# Ahoy, there!



## PirateHaunter (Mar 6, 2010)

Well, I've been lurking on HF far too long, so I've decided to finally register. I've been a member on HalloweenForum for the past five years and have been yard haunting at my current location in the Pacific NW since 2004.

My yard haunt theme somehow or another migrated to haunted pirates several years ago and has stuck ever since. The neighbors, especially the lads and lasses, enjoy my pirate ship, firing cannons, and animatronics. I'm always looking to refine my display, so I'll be requesting the help of many a fine member here.


----------



## IMU (Apr 8, 2009)

Ahoy and Welcome!


----------



## RoxyBlue (Oct 6, 2008)

Welcome to the Forum, Pirate!


----------



## Frighteners Entertainment (Jan 24, 2006)

Shiver me timbers and I recognized your name...glad to have you here!


----------



## Rahnefan (May 1, 2009)

YARG! Welcome.


----------



## jaege (Aug 23, 2009)

Ahoy matey.


----------



## hedg12 (Jul 6, 2008)

Aye' an i hope t' hearrr many storrries frrrom ye!

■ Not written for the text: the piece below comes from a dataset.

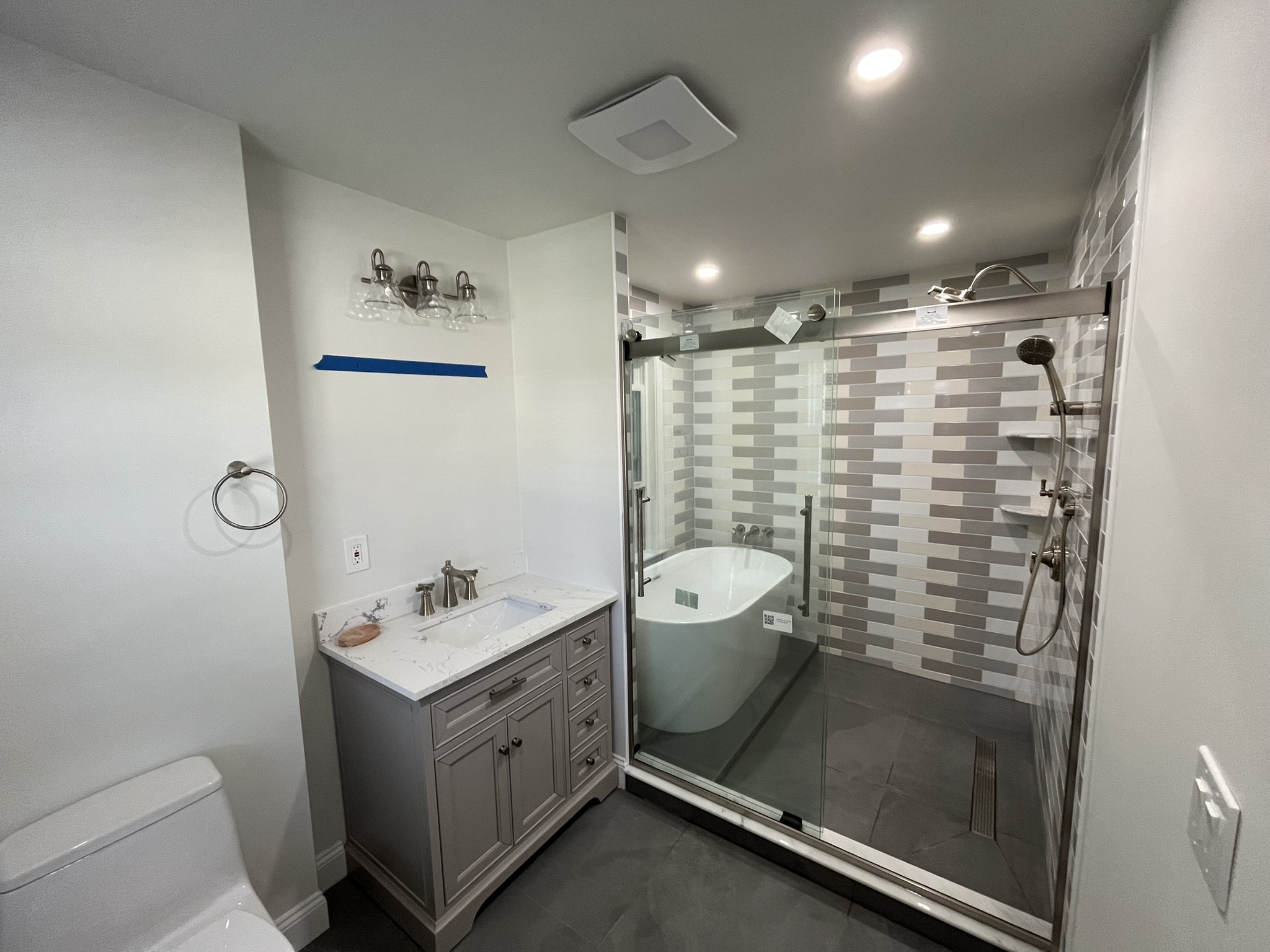 Sun Shore Construction transformed a bathroom in Watertown, MA, with a modern walk-in shower, updated plumbing and electrical systems, new flooring, and elegant finishes. This renovation brought both function and comfort together, creating a refreshed space for everyday living.
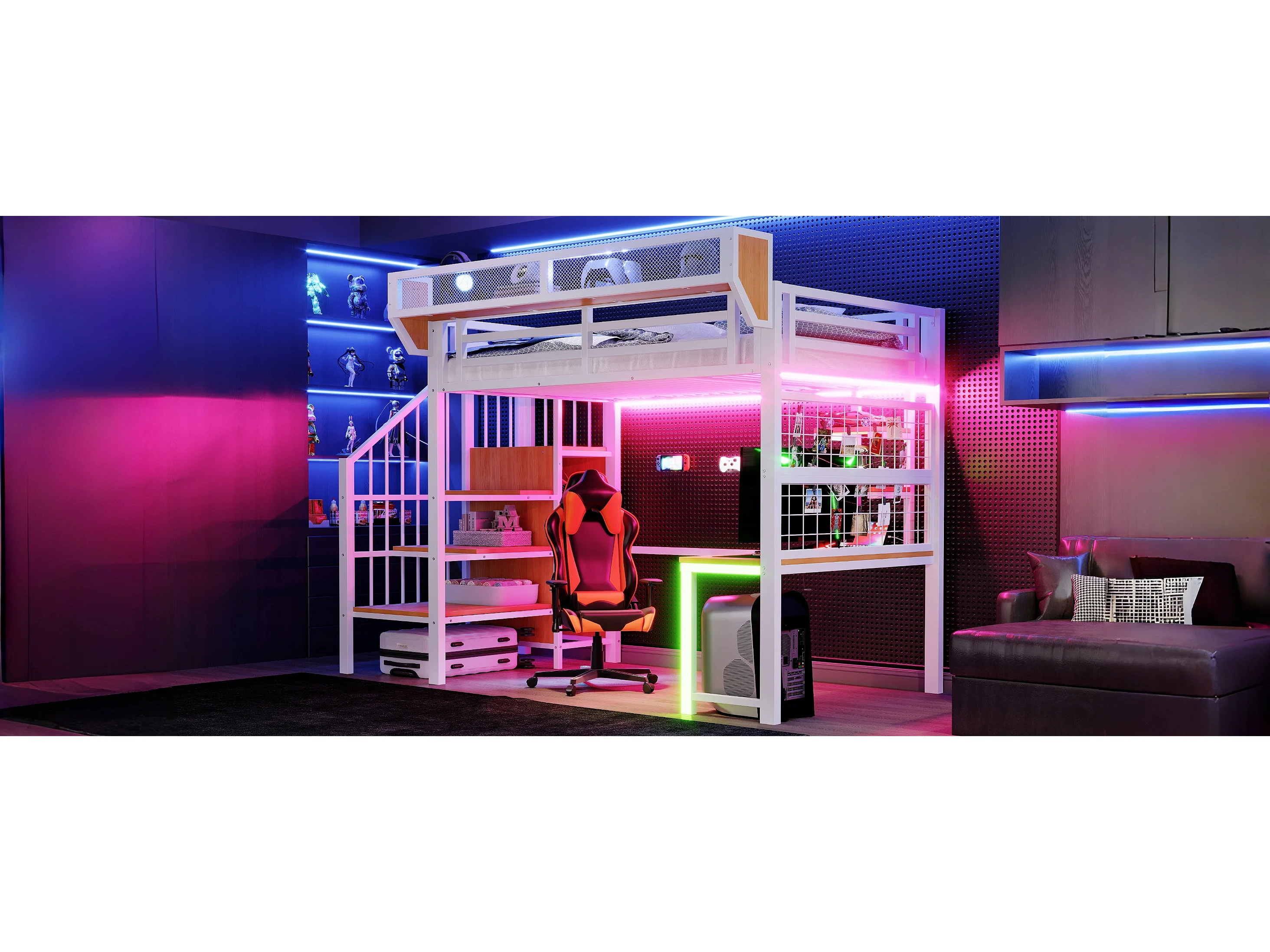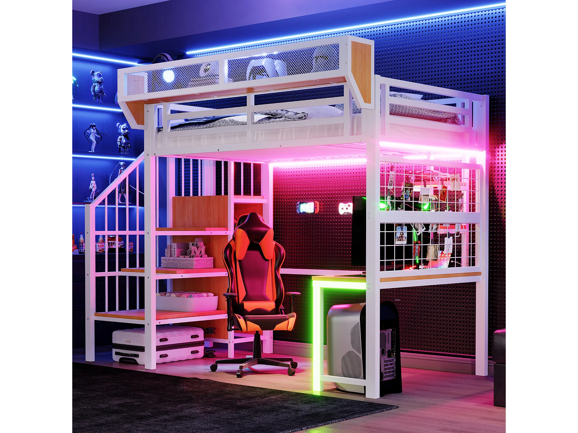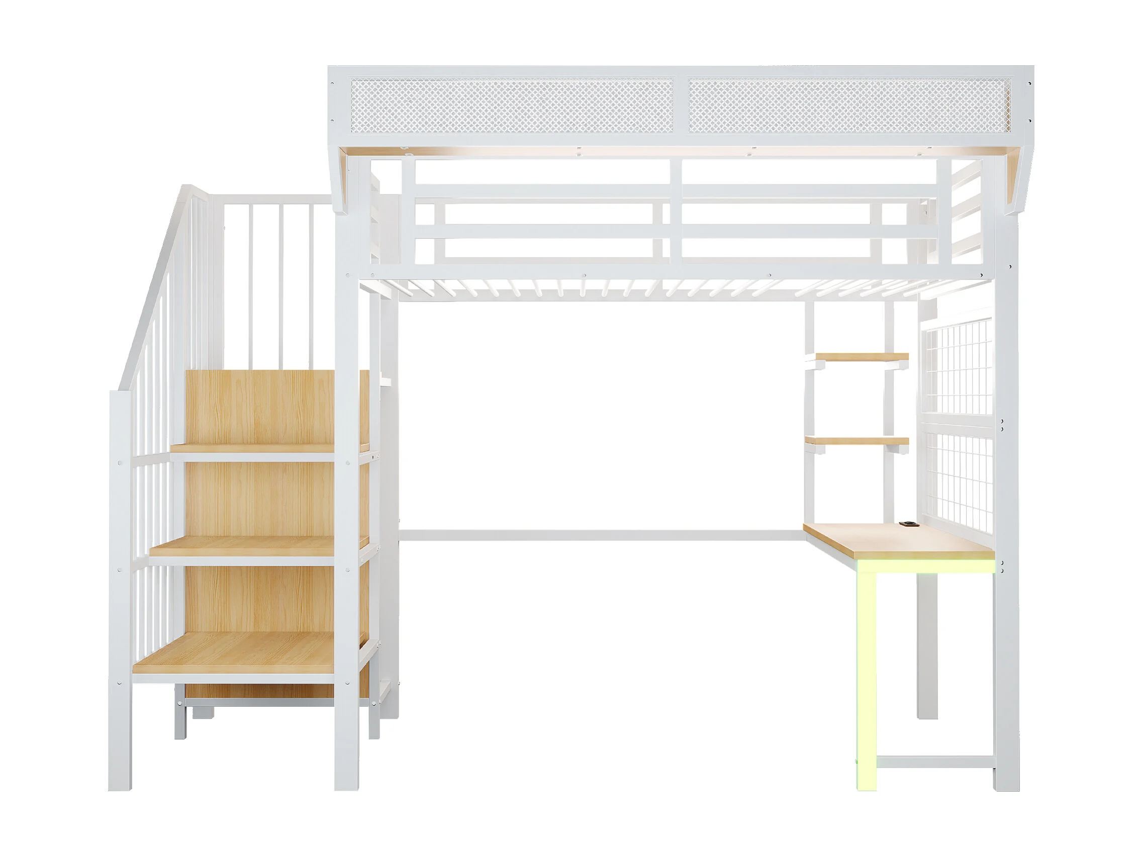 Lit mezzanine en métal - 90 x 200 cm - avec bureau + étagère et filet de rangement + échelle de rangement + Leds + prise - blanc

(Translation courtesy of Capstrat)


----------



## morbidmike (Sep 11, 2009)

welcome you gott post pic's of the ship...... now I'm really interested pirates of the carribean are my favorite movies


----------



## sharpobject (May 7, 2008)

Hi and welcome !!!


----------



## DarkLore (Jan 25, 2009)

Welcome aboard.


----------



## NytDreams (Sep 10, 2009)

Welcome, welcome!


----------



## GrimAftermath (Feb 15, 2010)

Welcome!


----------



## bourno (Jan 21, 2006)

welcome, and thanks for stopping in here as well


----------



## Howlinmadjack (Jul 20, 2009)

Welcome to the forum!!


----------



## Spooky1 (Aug 25, 2008)

Welcome to the forum, PH


----------



## fick209 (Aug 31, 2009)

Welcome to the forum Pirate!


----------



## scareme (Aug 29, 2006)

Hi and welcome to the forum fellow lurker. Isn't it fun to watch? Till the police come along.


----------



## madmomma (Jul 1, 2009)

Hello and Welcome Pirate, as long as ye don't make us walk da plank!


----------



## Death's Door (Mar 22, 2006)

Hello and welcome to the forum!!!!!


----------



## PirateHaunter (Mar 6, 2010)

scareme said:


> Hi and welcome to the forum fellow lurker. Isn't it fun to watch? Till the police come along.


So that's who was rapping at me door, eh?


----------



## Zurgh (Dec 21, 2009)

Argh, we run a tight ghost ship here, swabbie! Now get ta cleanin' da scuppers, then man the bilge, ya filthy rat. Hehehaha! Welcome to the madness!


----------



## Goblin (Jun 3, 2009)




----------



## ScreamingScarecrow (Oct 1, 2008)

Welcome aboard!


----------